Wagner W, von Eiff M, Klinke F, Micke O, Rübe C, Willich N

机构信息

Paracelsus-Strahlenklinik, Osnabrück.

出版信息

Strahlenther Onkol. 1995 Jul;171(7):390-7.

PMID:7631260
Abstract

PURPOSE

In the last years new encouraging methods in the therapy of bronchial carcinoma have been elaborated. The early stages of bronchial carcinoma are still a domain of operative treatment. The long-term results of surgical treatment for locally advanced disease are considered to be unfavourable. Multimodal treatment concepts with simultaneous or consecutive application of radio-chemotherapy followed by surgical resection seem to reveal improved possibilities of therapy.

PATIENTS AND METHODS

General treatment consists of 2 blocks of neoadjuvant chemotherapy with carboplatin, ifosfamide and etoposide, followed by a third course, consisting of carboplatin and vindesine. Simultaneously with the third course a hyperfractionated, accelerated radiotherapy with a single dose of 1.5 Gy 10 times per week is applied. The total dose is 45 Gy in 3 weeks, given at least to the 80% isodose. After restaging, tumor resection is carried out. Patients without tumor are randomized for prophylactic brain irradiation.

RESULTS

From January 1992 up to 1.10.1993 25 patients have been treated in accordance to the study. All tumors were locally advanced (stage IIIa and IIIb). Until 1.10.1993 4 patients died, 2 of them certainly related to the tumor.
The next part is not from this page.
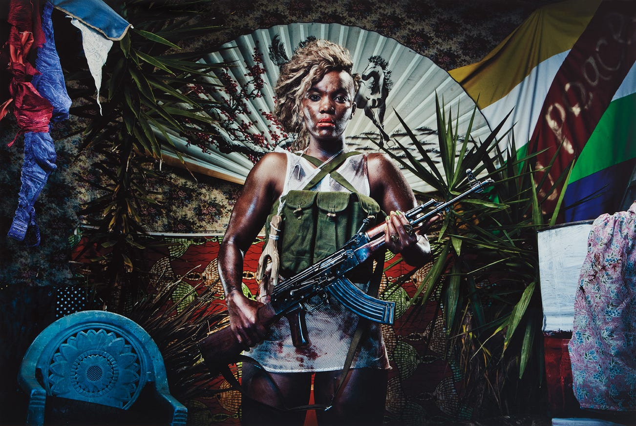 Kudzanai Chiurai‘s multimedia work explores the personal, psychological and social impact of the power structures in place in his native Zimbabwe, as well as the larger region of Southern Africa. Part of his State of the Nation series, Revelations V is an elaborately staged photograph that directly confronts interconnected themes of violence and liberation, as told through a fictionalized depiction of a constructed African state. The title is in reference to the Book of Revelation and its imagining of a future civilization that is only achieved through struggle and persecution. By casting a female in powerful central roles throughout his work, Chiurai upends colonial gender stereotypes, thus highlighting his rebellious nature as both an artist and activist.

Thirteen patients have been resected after neoadjuvant treatment. In 11 of these cases a R0-, and in 2 cases a R1 resection has been carried out. Tumor cells have been found only in 5 histologies. The hematotoxic side effects under competing RTX/CTX seemed to be unproblematical (RTOG/grade II). Problems occurred with 4 cases of serious esophagitis (RTOG/grade III to IV) and 2 cases of pneumonitis with 1 case ending lethally.

CONCLUSION

Preliminary results of our study show the feasibility of multimodal treatment. A favourable 1-year survival rate after aggressive multimodal therapy and a high resection rate in previously unresectable patients could be demonstrated.